> Exercise requirements
Produce the lines from the one containing "12月25日(木)に、2学期" through the end of the material exactly as they appear, both ends included, and leave the pictures out.

> Dataset
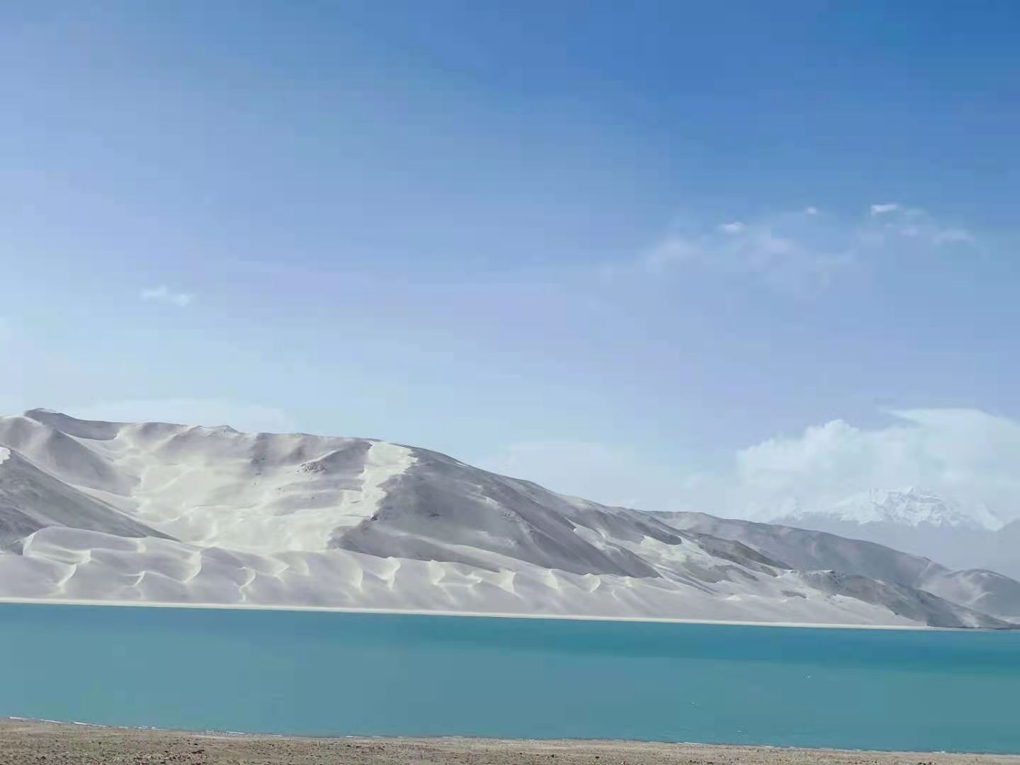 車(chē)子行進(jìn)在海拔三千多米的【蓋孜峽谷】中??龉废褚粭l玉帶,沿著蓋孜河在蓋孜峽谷中穿梭著,眼前的景色又變成了綿延不絕的荒山雪嶺。此時(shí)突然出現(xiàn)的美麗湖泊便是【布倫口白沙湖】湖水在帕米爾高原潔靜的陽(yáng)光下,閃耀著金屬般的光澤。湖水在天空、白沙和雪山的綜合作用下呈現(xiàn)出一種別樣的藍(lán)。
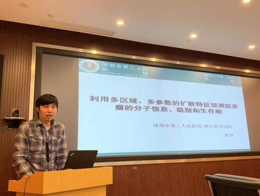 林海,深圳市第二人民医院神经外科李维平院长课题组,报告题目:利用多区域多参数的扩散特征预测胶质瘤的分子信息、级别和生存期
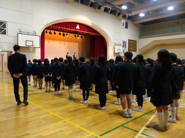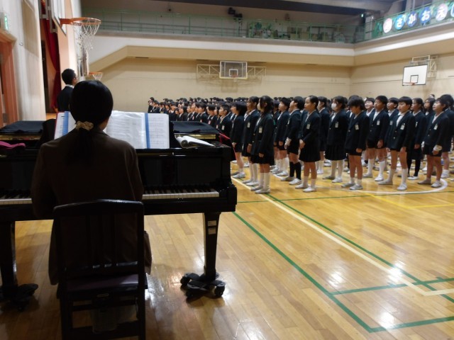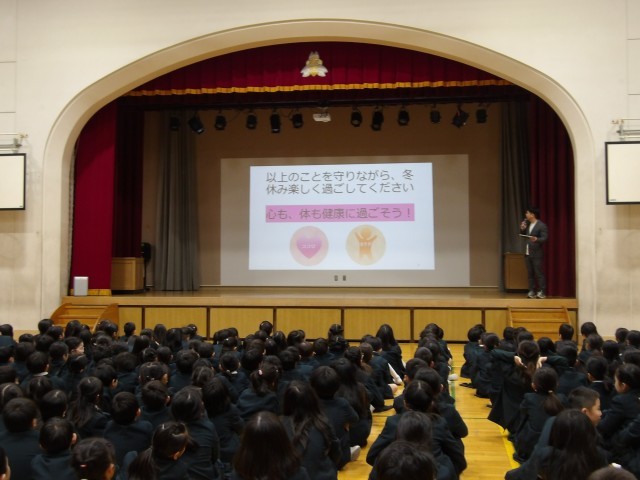 12月25日(木)に、2学期の終業式を行いました。全校児童が体育館に時間通りに集まり、開始まで静かに整列して待つことができました。開式後も、全員が式らしい緊張感をもって臨むことができていて、大変素晴らしいと思いました。式の後には、図工関連などの表彰と冬休みに向けた生活指導の話もありました。2学期も大きなけがや事故もなく過ごせてよかったと思いました。
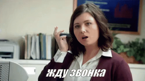 A woman in an office setting gestures while the text 'ЖДУ ЗВОНКА' (Waiting for a Call) appears on screen.
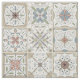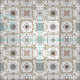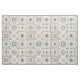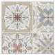 Fabric with a series of nine (9) different Spanish-style tiles in neutral colored, mosaic pattern.
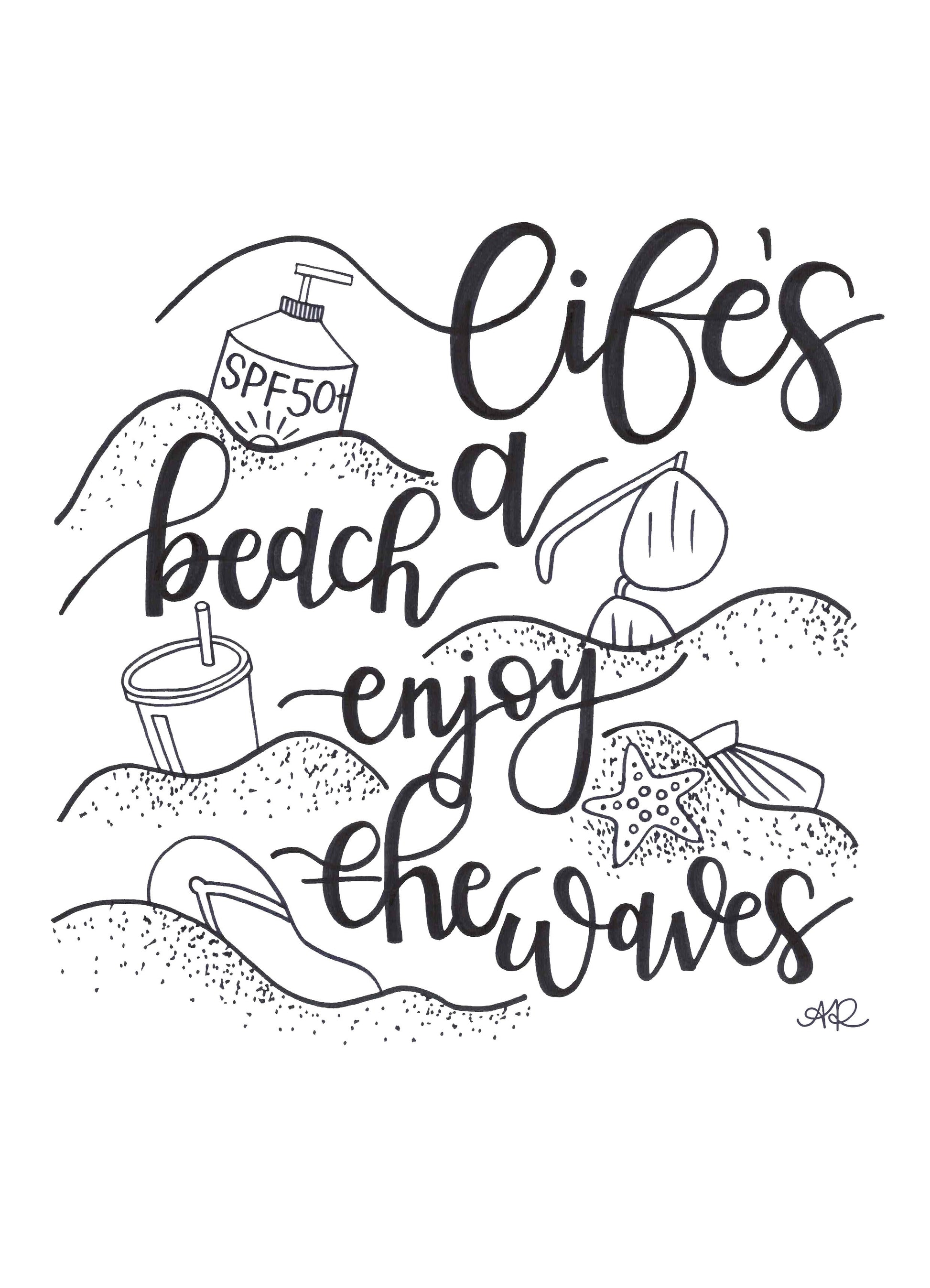 A beachy page to colour, with space around to add your own beach doodles! Perfect for the summer months. A page for any age to keep cool and colour!

> Solution below
 12月25日(木)に、2学期の終業式を行いました。全校児童が体育館に時間通りに集まり、開始まで静かに整列して待つことができました。開式後も、全員が式らしい緊張感をもって臨むことができていて、大変素晴らしいと思いました。式の後には、図工関連などの表彰と冬休みに向けた生活指導の話もありました。2学期も大きなけがや事故もなく過ごせてよかったと思いました。
 A woman in an office setting gestures while the text 'ЖДУ ЗВОНКА' (Waiting for a Call) appears on screen.
 Fabric with a series of nine (9) different Spanish-style tiles in neutral colored, mosaic pattern.
 A beachy page to colour, with space around to add your own beach doodles! Perfect for the summer months. A page for any age to keep cool and colour!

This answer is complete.